The United Nations warns that conflict and poverty are fueling human trafficking and modern slavery, putting $150 billion a year into the coffers of organized crime worldwide.
“Trafficking networks have gone global,” U.N. Secretary-General Antonio Guterres told the Security Council on Wednesday during a special session on the issue. He said victims can be found in 106 countries.
Some 21 million people are estimated to be victims, used as forced labor, sex slaves, coerced into prostitution, or involuntarily recruited into armed groups. Some even have had their organs removed by traffickers to sell on the illegal transplant market.
“For organized crime networks, human trafficking is a low-risk, high-reward criminal business,” said Yury Fedotov, head of the U.N. Office of Drugs and Crime. He said low conviction rates for perpetrators let traffickers operate with near-impunity.
The conflicts in Syria, Afghanistan, Somalia and elsewhere are churning out millions of desperate and vulnerable people susceptible to traffickers.
Somali human rights campaigner Ilwad Elman told the council that in her country, women and young children are trafficked for domestic work, forced prostitution and even organ removal.
“Conflict and insecurity breed desperation, and traffickers present themselves as a ticket out of all of that,” she said via a video link from Mogadishu.
“Erosion of the rule of law enables transnational trafficking networks to act with impunity,” Britain’s Independent Anti-slavery Commissioner Kevin Hyland told the Security Council.
Slave trade ‘booming’ in Libya
“Europol has confirmed that traffickers are increasingly targeting refugees in the EU,” Hyland said, referring to the European Union’s law enforcement agency. “And nearly half of all refugees are children, many of whom are unaccompanied and, therefore, especially vulnerable.”
He told of meeting a 15-year-old Eritrean girl at a refugee reception center on the Italian island of Lampedusa. She had been kidnapped and held for three months in Libya in a “connection house” where she was raped multiple times a day.

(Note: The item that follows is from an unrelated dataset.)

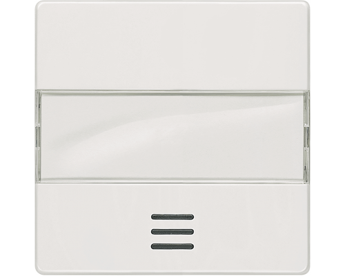Выключатель выполнен в цвете титаново-белый. Размеры составляют 55x55 мм. Предусмотрено окно и поле для надписи. Предназначен для использования в системах Delta i-system.

“A modern-day slave trade is now booming in Libya,” Hyland warned. “Political, military and social conditions have created an environment where traffickers have thrived.”
According to the International Organization for Migration, more than 70 percent of migrants moving from North Africa to Europe have experienced exploitation and human trafficking, mainly in Libya.
Terror groups, including Islamic State and Boko Haram, also engage in enslavement and forced labor, while drug traffickers use kidnapping and ransom to finance their operations.
The current refugee and migration crisis is a boon to traffickers.
“As people take to the road, predators take advantage,” Secretary-General Guterres said. Refugee camps have become a fertile hunting ground for traffickers to find new victims.
No borders
But trafficking can happen far from conflict zones, as well.
“No country is immune from this crisis,” U.S. Ambassador to the United Nations Nikki Haley said. “That includes the United States, where, despite our efforts to combat human trafficking, too many people are still falling victim to criminals who force them into prostitution or other types of work with no pay and no way out.”
Haley noted that traffickers are using technology and the internet to their advantage in the recruiting and selling of people.
President Donald Trump's administration is committed to ending this “absolutely horrific practice,” she said, and is about to launch a new initiative to raise $1.5 billion to help countries break up trafficking rings and assist survivors.
“The funding will come partly from the U.S. government, but unlike most assistance programs, the initiative will seek to raise most of its money from partners in foreign governments and in the private sector.”
Ending modern slavery must be a collective effort, Haley said, and she pledged that the new initiative would spend its money on programs that “show results.”
“Groups that receive funding must set measurable goals, and they must target a 50-percent reduction in modern slavery for the population they will be working with,” she said.
Prevention efforts
The secretary-general made clear there is much that states can do to both punish and prevent human trafficking.
He said a solid legal framework already is in place, including the U.N. Convention Against Transnational Crime, and conventions from the International Labor Organization and the Global Plan of Action on Human Trafficking.
States also need to strengthen cooperation and coordination on law enforcement, investigations and intelligence sharing, Guterres said.
“At the same time, we need to get at the underlying vulnerabilities that fuel this phenomenon,” the U.N. chief added, “by empowering girls through education, by respecting the rights of minorities and by establishing safe and legal channels of migration.”